Before watching tonight's presidential debate — and however much post-event analysis one can stomach — it's worth reading today's New York Times op-ed by Newton Minow.

Minow, a former Federal Communications Commission chairman, will forever be remembered for the speech in which he dubbed television a "vast wasteland" more than 50 years ago.

Yet the octogenarian offered an even more trenchant and important analysis by indicting the current political system's relationship with television, and how the need for astounding piles of cash to fund a tidal wave of nasty advertising twists and distorts the process.

Marty Kaplan, the director of USC’s Norman Lear Center, has spoken at length about the manner in which TV dumbs down politics, and conducted research demonstrating what short shrift incisive political coverage gets within the context (especially) of local news.
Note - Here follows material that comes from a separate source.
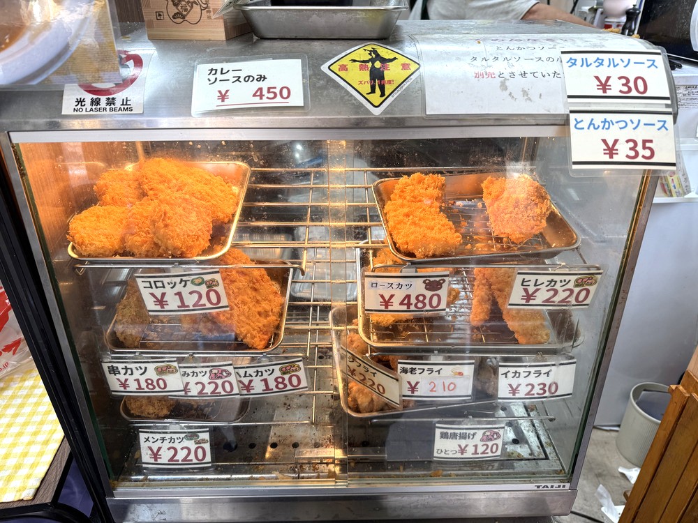 店内のほとんどのスペースは厨房になっていて、カウンターには揚げ物のショーケースだけがあります。

Nevertheless, it's worth quoting this passage from Minow's latest piece:

The debates are an institution now, and among the most watched
television events in America. They are one place in the modern campaign —
perhaps the only place — where the voter is treated with respect. They
are the one time when the major candidates appear together side by side
under conditions they do not control. They are a relief from the nasty
commercials that dominate the campaign, fed by donations that are
effectively unlimited and anonymous. Broadcasters provide the television
time for the debates, without commercials, as a rare public service.

Of course, it didn't have to be this way, but gvien the recent tide of events, nothing is apt to change that. Perhaps that's why there's a naivete in Minow's last bit of advice: "Let me suggest that after you watch the debate on Wednesday night, you
turn off your television set and do your best to avoid the spin that
will follow. Talk about what you saw and heard with your family, your
friends, your neighbors, your co-workers. You are smarter than the
spinners. It’s your decision that matters on Nov. 6, not theirs."

It's a nice idea. But given the current structure of these events — which CNN, apparently concerned "The Daily Show" doesn't have enough material with which to ridicule the channel, has given the idiotic title "Debate Night in America" — that would sort of be like leaving the football game at halftime.

Cue the analysts, and pass the popcorn.